Knowing ISI's doctrinal bias has kept me on the lookout for anything distinctly Catholic that might affect the analysis, although I am of the mind that Catholics can be just as apt as Protestants with regard to cultural criticism.  Reading A Consumer's Guide to the Apocalypse assured me that I was right to be wary on this account.  

The book's premise is that the "apocalyptic angst" seen in popular culture and the seeming war between fundamentalist religion and dogmatic science are the result of the particularly incoherent brand of irrationality stemming from a "tenacious, if sometimes unacknowledged, commitment to the basic tenets of the Enlightenment."  Which thesis didn't sound particularly new to my ears, though worth exploring, but it was the author's elaboration on this that was truely surprising.

In the book's introduction, Velasquez asserts that "Enlightenment Protestantism severs the connection between reason and the soul" via its emphasis on "access to a personal God through faith alone."  He sees the Reformation as having "razed the meeting place for reason and faith" and suggests (subtly) a return to Catholic objectivity in order to reconcile religion and rationality.  Essentially, he implies that it is the Protestant Reformation that has caused all the trouble, not man's unwonted pride in his ability to reason.

Although I agree that the "subjectivity" of faith (I speak as a man) can lead to the errors Velasquez points out, Protestantism -- or the Bible, for that matter -- doesn't preach that we can only know and access God via our subjective experience.  Romans 1 says that God is objectively known and seen in creation, so that all mankind is without excuse.  "I believe" is an assent of the mind as well as the heart.  

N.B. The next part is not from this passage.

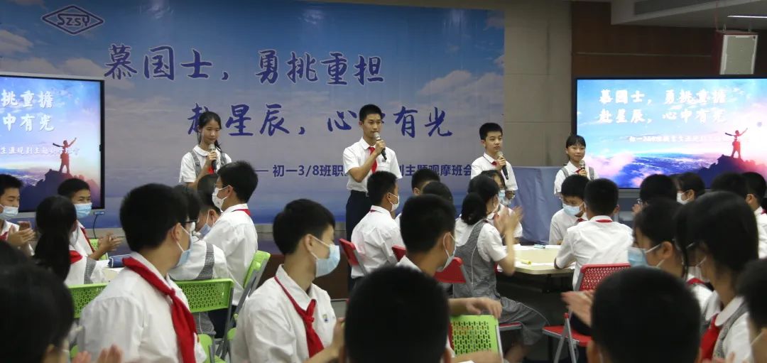 6月22日,初中部初一(3)班、(8)班全体同学联合举办了一场职业生涯规划主题观摩班会。班会主题是“慕国士,勇挑重担;赴星辰,心中有光”,围绕“困局——问道——抉择——期许”四个环节层层深入引导同学们思考个人命运与国家命运之间的紧密联系,旨在培养热爱祖国,有努力成为中华民族脊梁追求的实验学子。

The true error is putting God at odds with man's reason simply because He cannot be explained by it.  Our inability to "prove" God or reason to God is  merely evidence of the limits of reason rather than an acknowledgment of the irrationality of belief.  When the Enlightenment gave rationality preeminence as a worldview, some Christians (notably Descartes) felt impelled to recast their faith in that framework, to use reason to access and define God.  Unable to do so satisfactorily, their only retreat was to the subjective experience of faith.  The either-or fallacy that God must be able to be reached by reason or is irrational, not the implications of sola fide, is the root of much of modern irrationality, both in the church and out.

Although God cannot be conscribed within the circle of rationality, He is nevertheless the God of reason, and reason can certainly be used for His glory and for the good of His kingdom.  But, we should beware of trying to bring He whose thoughts are higher than our thoughts down to our level.  As Van Til has said:  "It is Christ as God who speaks in the Bible.  Therefore the Bible does not appeal to human reason as ultimate in order to justify what it says.  It comes to the human being with absolute authority.  Its claim is that human reason must itself be taken in the sense in which Scripture takes it, namely, as created by God and as therefore properly subject to the authority of God."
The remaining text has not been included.